2013-04-11 A Complete history of Mainframe Computing

I found this link to a slide show called A Complete history of Mainframe Computing by R. Arzoomanian.  The pictures are fantastic. I thought this tidbit was very remarkable: “In fact, by the time it was retired in 1955, it was estimated that the ENIAC by itself did more calculations than all of humankind did up to 1945.”

However I have to take issue with some of what the author says and claims.  First off, I use as my reference a book called “Bit By Bit An Illustrated History of Computers” by S. Augarten.   Some things Mr. Arzoomanian says are actually errors, such as when he claimed that the ENIAC cabinets were 49 feet high.  Perhaps he meant 49 feet long.

The author calls them the “two heroes”, but gives their names as Mauchly and Presper, which is his first name, not his last name, which is Eckert.

But I take exception to the claim that he makes over and over that the vacuum tube computers were unreliable.  Yes, they used a lot of heat producing tubes.  But the engineers early on learned that if the plate voltage was reduced, the lower power meant a greatly increased lifetime.  Also, the operators ran tests on the computers during maintenance time, and if they found a problem with marginal tubes, they fixed it, so during regular operation there were very few problems with the computer.  Referring to tubes, the author said,

“However, they used a lot of power, got very hot, and were very unreliable. These were tradeoffs he and others had to live with and were unfortunate characteristics of the computers built from them.”

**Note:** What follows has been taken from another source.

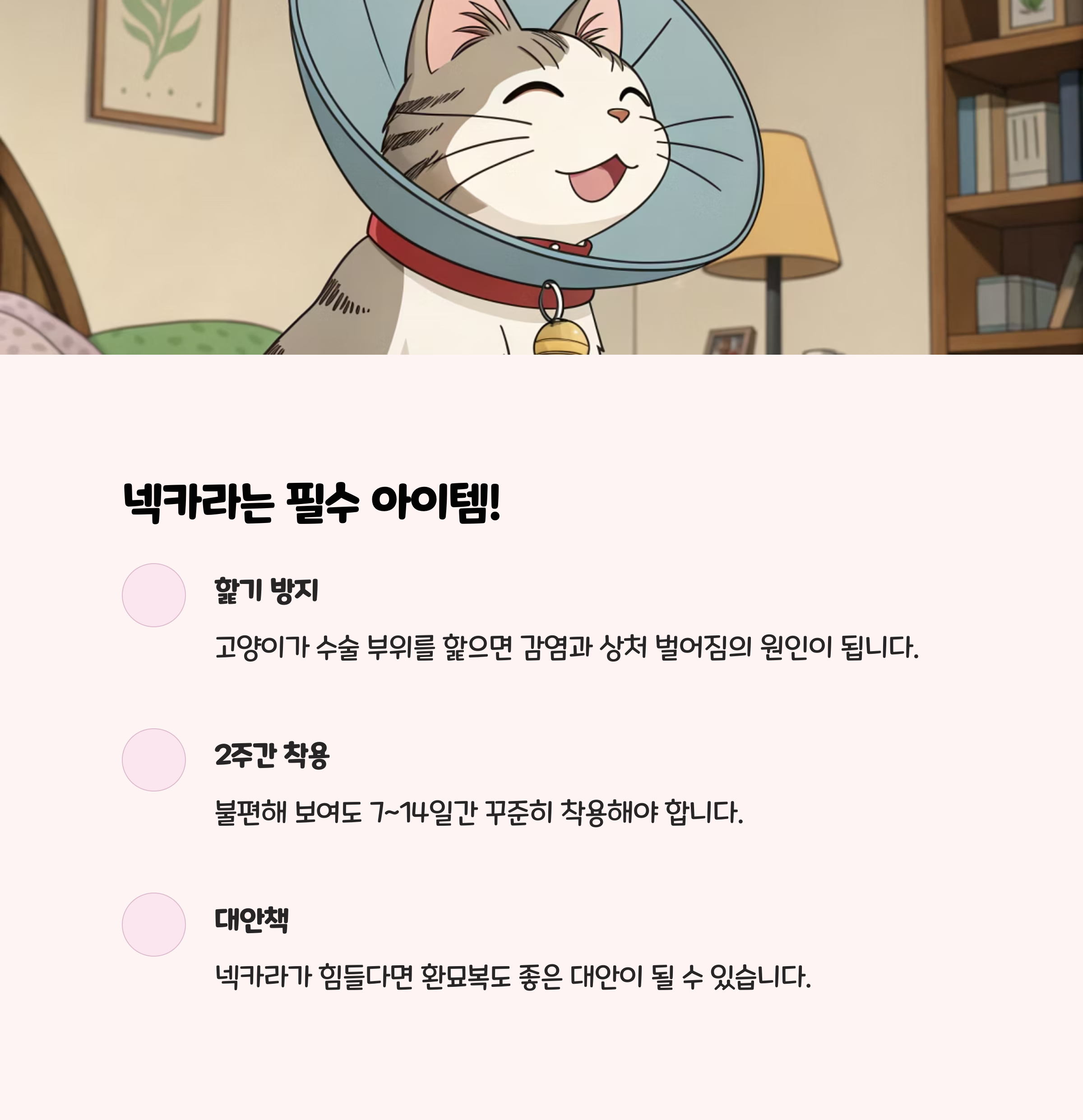 | 1~3일차 | 활동 최대한 제한, 상처 점검, 넥카라 착용 | 무기력, 식욕부진, 출혈 시 즉시 병원 방문 |
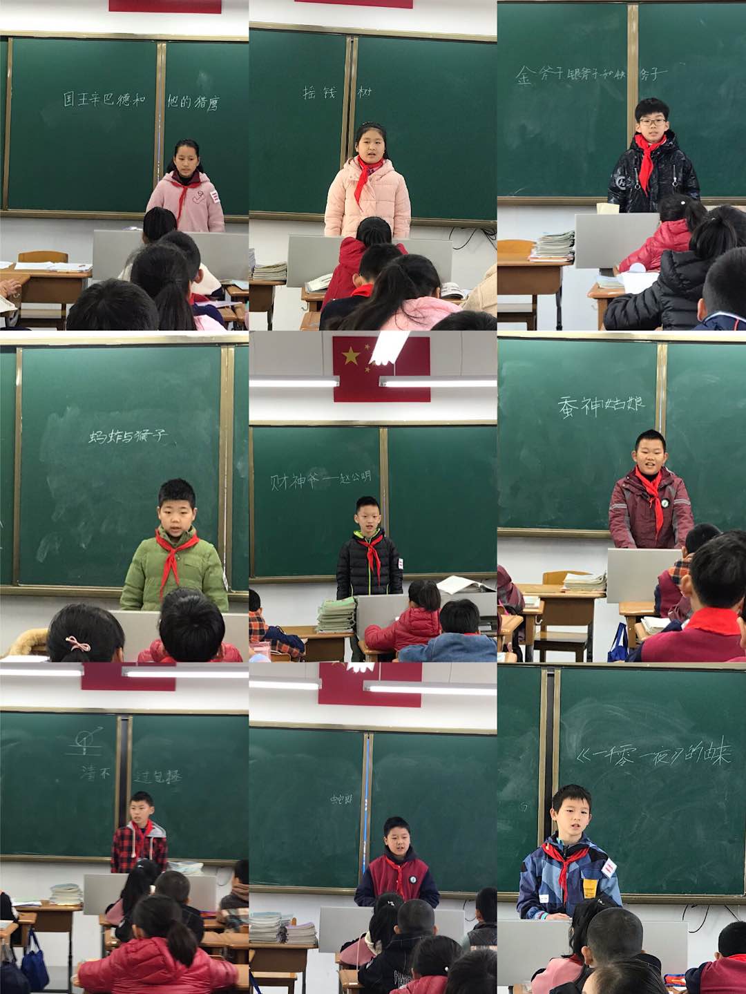 11月起,我们班充分利用课前三分钟,让每个同学得到自我展示的机会。第一轮我们定的主题是“中外民间传说”。虽然有些同学是第一次上台,但是每位同学都经过了精心的准备,上台不怯场,口齿清楚,故事讲述完整。只是同学们太注重背诵部分,还不能做到游刃有余,绘声绘色。

He uses the word very twice and the word unfortunate, and I have to take him to task for that.  He failed completely to say the one positive thing about tubes (valves), and that was they were not subject to the physical limitations of mechanical devices and could operate at speeds far exceeding mechanical relays, and so ushered in the advent of the modern electronic computer.  Without tubes we would not have had the opportunity to develop the hardware and most importantly the software that modern computers use.

In the comments, someone brought up the computers that Konrad Zuse made in Germany during the war.  The early generations of Zuse’s computers were electromechanical, they used relays, not tubes.  The relays were much slower and somewhat prone to errors if they were operated too quickly.  Zuse used 35 mm film for the punched tape.

In the last decade, the British declassified information about Colossus, the computer they used for deciphering the German encrypted radio messages.  This was kept a secret for over fifty years, and only recently have they claimed that the Colossus was the first electronic computer. Mr. Arzoomanian had the audacity to call his document “The complete history..” but he totally forgot to even mention this and several other mainframe computers.  We ran a Honeywell Bull mainframe for decades, and used it with PC or IBM Plug Compatible (Bus and Tag) peripherals.  He also didn’t mention that his “heroes”, Eckert and Mauchly, lost in court to Atanasoff’s ABC computer when it was determined in court that Atanasoff had built the first computer, not Eckert and Mauchly.

I have to thank the author for showing all those old pictures of mainframes, because most people have never seen this important part of computer history.  But I highly recommend that the reader take this document with a large number of grains of salt, and refer to a more accurate document such as that which I referred to at the beginning.  A good place to start would be Wikipedia.  After reading the remaining photo descriptions, I then saw that the author was working in the IBM mainframe environment and it’s obvious that he would be biased towards that brand of mainframe.